In 40 Cyc. p. 1063, it is said: "A person may make a valid contract to dispose of his property by will in a particular way, and such contract will be enforceable, if he has the capacity to contract, and if the contract is fair and equitable and possesses the usual essentials, such as a valid consideration, acceptance of its terms showing a mutual agreement thereto, certainty and definiteness in its terms and in the designation of the promisee. * * *"

In the case of Whiton v. Whiton, 179 Ill. 32, 53 N.E. 722, the Illinois Supreme Court held that a contract of a mother to make a will dividing her property equally among her children was enforceable.

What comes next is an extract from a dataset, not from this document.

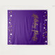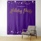 Configure una estación de selfies que sirva como letrero de bienvenida en su próxima Fiesta de Navidad Corporativa. Letra "fiesta de Navidad" dorada para coincidir con las invitaciones de esta colección. Lunares de confeti dorados y blancos sobre un fondo morado elegante.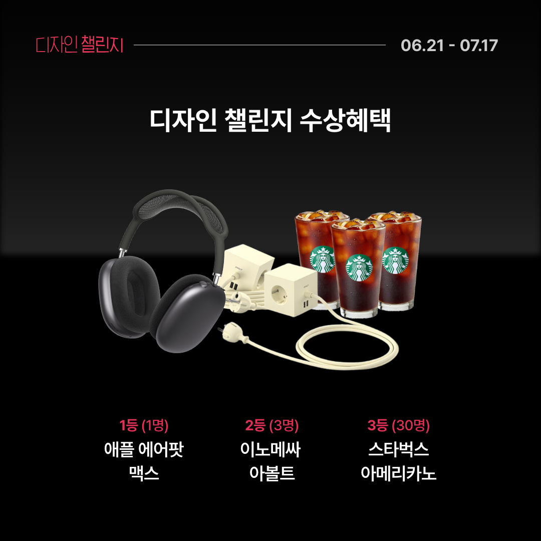 🎁 우승 상품 1등 : 🎧 애플 에어팟 맥스 (1명) 2등: 🔌 이노메싸 아볼트 (3명 3등: ☕️ 스타벅스 아메리카노 (30명) 그리고, 50만원 상당의 아키스케치 무료 크레딧이 기다리고 있어요!

The Supreme Court of Vermont, in an opinion reported in Smith v. Pierce, 65 Vt. 200, 25 A. 1092, held that a written contract by an owner of property, who died intestate, to give the plaintiff in the suit all of his property if she would take care of him all of his life, was enforceable.

In the case of Teske v. Dittberner, 70 Neb. 544, 98 N.W. 57, 113 Am.St.Rep. 802, the Supreme Court of Nebraska held that an agreement upon sufficient consideration to devise or bequeath property is valid and enforceable, and that in such case equity will impress a trust upon the property which will follow it into the hands of the personal representatives of the promisor or grantee without consideration.

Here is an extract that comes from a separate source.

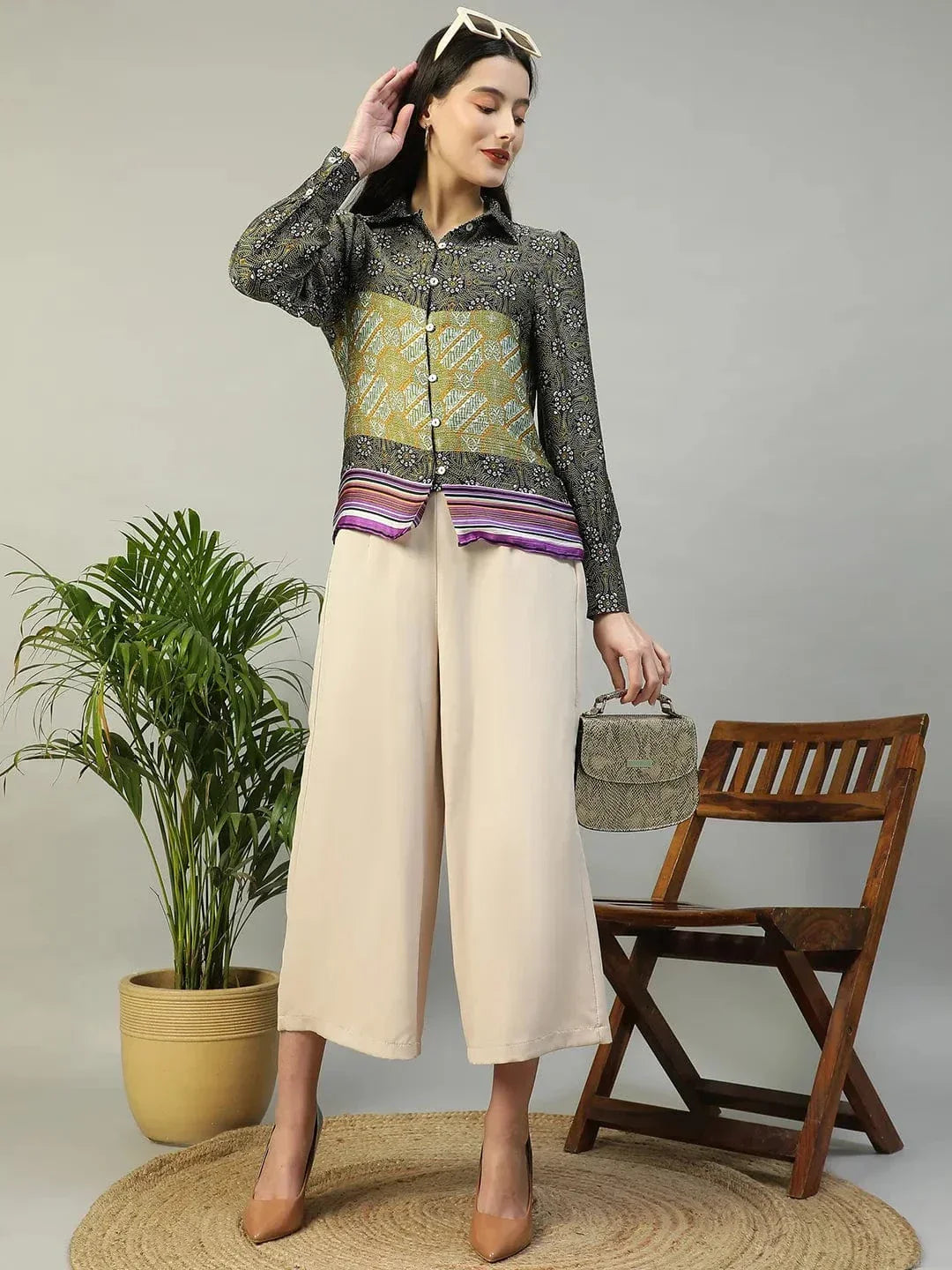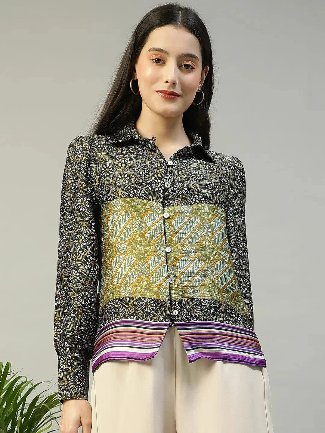 This Multicolor Printed Collared Button Down Long Sleeve Women Shirt is a perfect blend of bold style and comfort. Made from soft polyester fabric, it features a classic collared design and long sleeves for a polished yet relaxed look. The vibrant multicolor print adds a fun, eye-catching element, making this shirt ideal for both casual and semi-formal occasions. Whether tucked into jeans, paired with skirts, or layered with your favorite jacket, this shirt brings a pop of color and style to any outfit.

In Taylor v. Mitchell, 87 Pa. 518, reported in 30 Am.Rep. 383, it was distinctly held that a sealed agreement for a valuable consideration not to make a will to the prejudice of the rights of the covenantor's heirs in his estate was valid.

In the case of Jordon v. Abney, Adm'r, 97 Tex. 296, 78 S.W. 486, 489, in an opinion by Judge Williams, it is said (loc. cit. page 304 of 97 Tex., 78 S.W. 486) that: "A contract between two persons, upon valuable consideration, that one will, at his death, leave property to the other, is enforceable, where no statute is contravened, is held by an almost unbroken current of authority, English and American. Such contracts, when sufficiently certain, have been held valid and enforceable, in equity as well as at law, whether they provide for the payment of money, or the leaving of specific property, or of all or a moiety of that which the obligor should leave at his death. They have usually been put in the form of agreements to bequeath by will, but this has not been regarded as an essential feature; agreements to leave the property, or that the obligee should have it at the death of the obligor, being held sufficient."

As a whole and as presented in the petition, the contract is of a character to at least cast doubt upon the title of appellant to his real property and impede its free and unincumbered alienation. If so, the cloud upon the title thereby cast falls well within that class of cases of which courts of equity take cognizance.

We accordingly conclude that appellant is at least entitled to a hearing upon the issue of mutual mistake tendered in his pleadings, and that hence the petition under consideration is good as against a general demurrer, and that therefore the judgment below should be reversed and the cause remanded.